**WORK INSTRUCTION:**
For this exercise, copy all the data exactly and include none of the pictures.

**GIVEN DATA:**
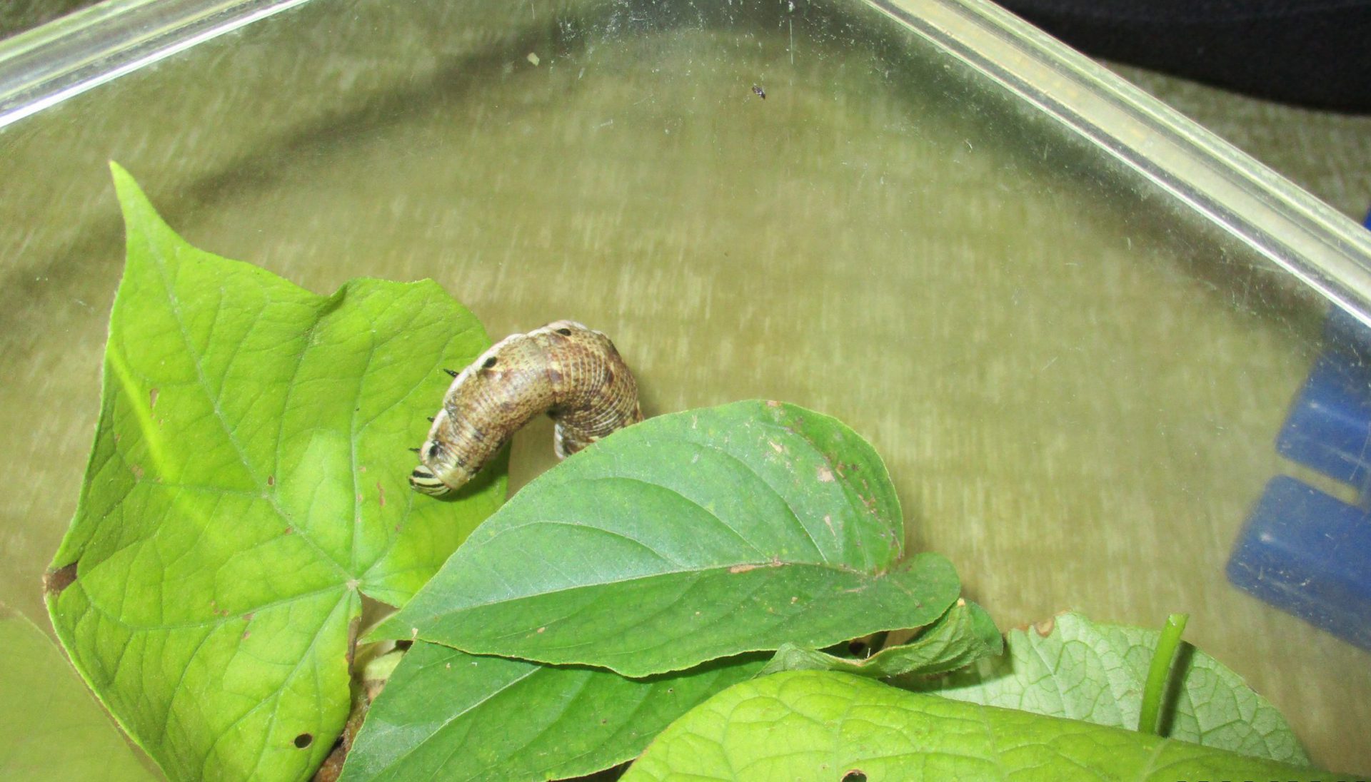大人の指よりも大きい角の生えているイモムシが現れました。
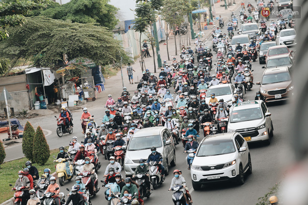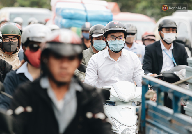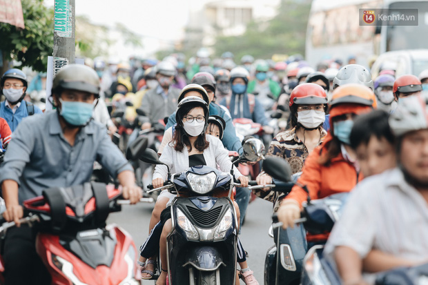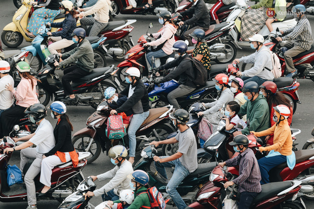Tại TP.HCM, ngày đầu tiên người dân đi làm sau kỳ nghỉ Tết Dương lịch 2021, nhiều tuyến đường cửa ngõ bị ùn tắc, giao thông đi lại khó khăn. Do thời tiết TP.HCM se lạnh vào buổi sáng nên người dân di chuyển trên đường đi làm đều mặc áo khoác, thậm chí có người quàng khăn để giữ ấm.
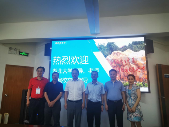 6月28日上午,湖北大学党委常委檀坤华一行六人来我校交流指导,学校校长吴益民、副校长颜颉、副校长靳其春、工会主席李群热情接待。

**REPLY:**
大人の指よりも大きい角の生えているイモムシが現れました。
Tại TP.HCM, ngày đầu tiên người dân đi làm sau kỳ nghỉ Tết Dương lịch 2021, nhiều tuyến đường cửa ngõ bị ùn tắc, giao thông đi lại khó khăn. Do thời tiết TP.HCM se lạnh vào buổi sáng nên người dân di chuyển trên đường đi làm đều mặc áo khoác, thậm chí có người quàng khăn để giữ ấm.
 6月28日上午,湖北大学党委常委檀坤华一行六人来我校交流指导,学校校长吴益民、副校长颜颉、副校长靳其春、工会主席李群热情接待。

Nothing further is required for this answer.